Below are records to transcribe in full and unchanged; omit every picture.

________________________

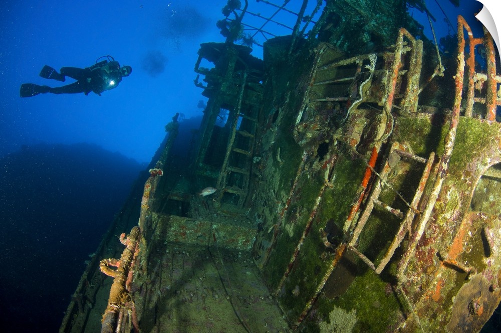 <p>A diver explores the wreck of the Soltai 61, Solomon Islands.</p>
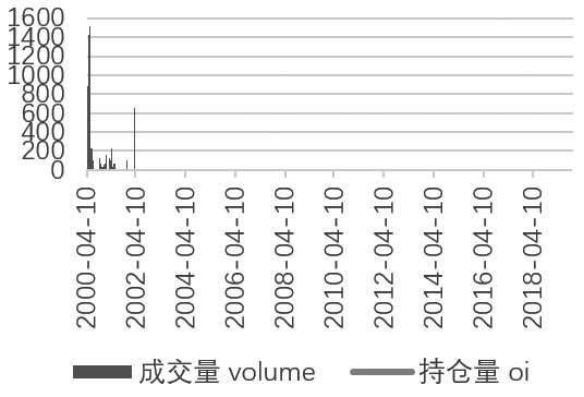 图为LMEX期货合约历史成交、持仓情况
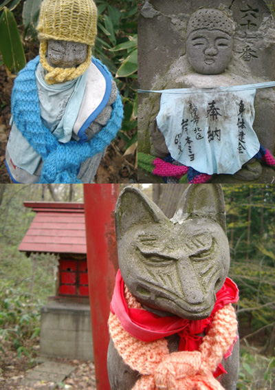 円山にはたまに登ります。 寒い季節だとお地蔵さんに手編みらしきマフラーが巻かれていて、 そのコーディネートはなかなか可愛らしいです。 これは数年前の写真ですが、この時は登山道入口付近の おいなりさんにまで巻かれていました。 誰かマメな人が着せ替えてるっぽいので、 今も新しいマフラーをしているのではないでしょうか。
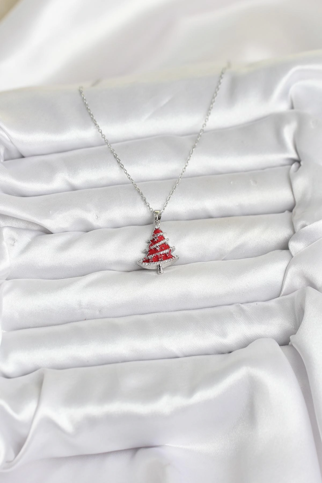 BFS 316L Çelik Zincir Gümüş Renk Kırmızı Çam Ağacı Model Yılbaşı Temalı Kadın Kolye
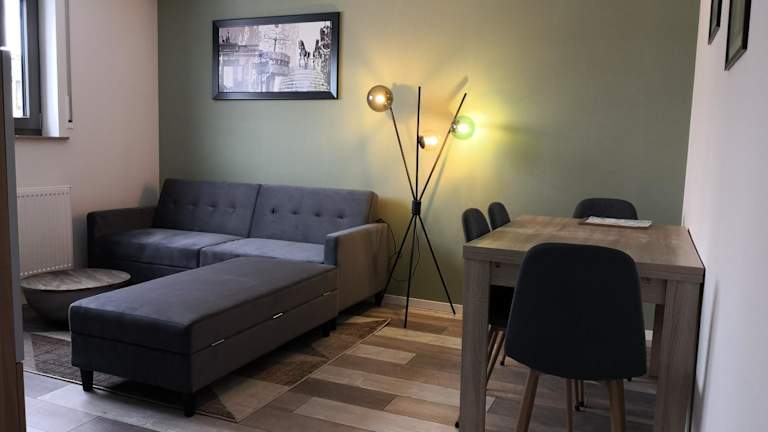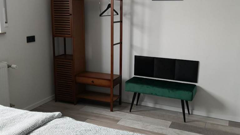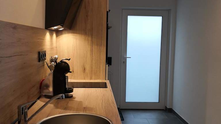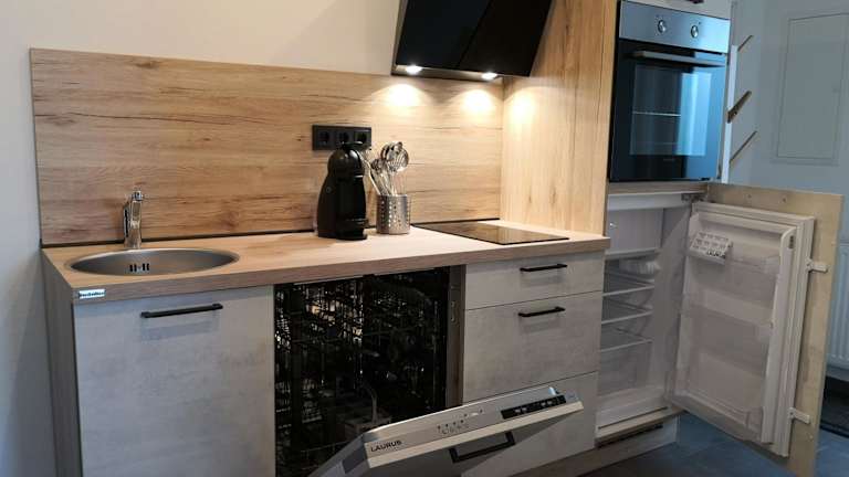 Die Ferienwohnung umfasst ein Schlafzimmer, ein Wohnzimmer und eine voll ausgestattete Küche mit Kühlschrank und Kaffeemaschine. Zudem gibt es ein Badezimmer mit Dusche und Haartrockner. Handtücher und Bettwäsche werden bereitgestellt.

________________________

Response box
 <p>A diver explores the wreck of the Soltai 61, Solomon Islands.</p>
 图为LMEX期货合约历史成交、持仓情况
 円山にはたまに登ります。 寒い季節だとお地蔵さんに手編みらしきマフラーが巻かれていて、 そのコーディネートはなかなか可愛らしいです。 これは数年前の写真ですが、この時は登山道入口付近の おいなりさんにまで巻かれていました。 誰かマメな人が着せ替えてるっぽいので、 今も新しいマフラーをしているのではないでしょうか。
 BFS 316L Çelik Zincir Gümüş Renk Kırmızı Çam Ağacı Model Yılbaşı Temalı Kadın Kolye
 Die Ferienwohnung umfasst ein Schlafzimmer, ein Wohnzimmer und eine voll ausgestattete Küche mit Kühlschrank und Kaffeemaschine. Zudem gibt es ein Badezimmer mit Dusche und Haartrockner. Handtücher und Bettwäsche werden bereitgestellt.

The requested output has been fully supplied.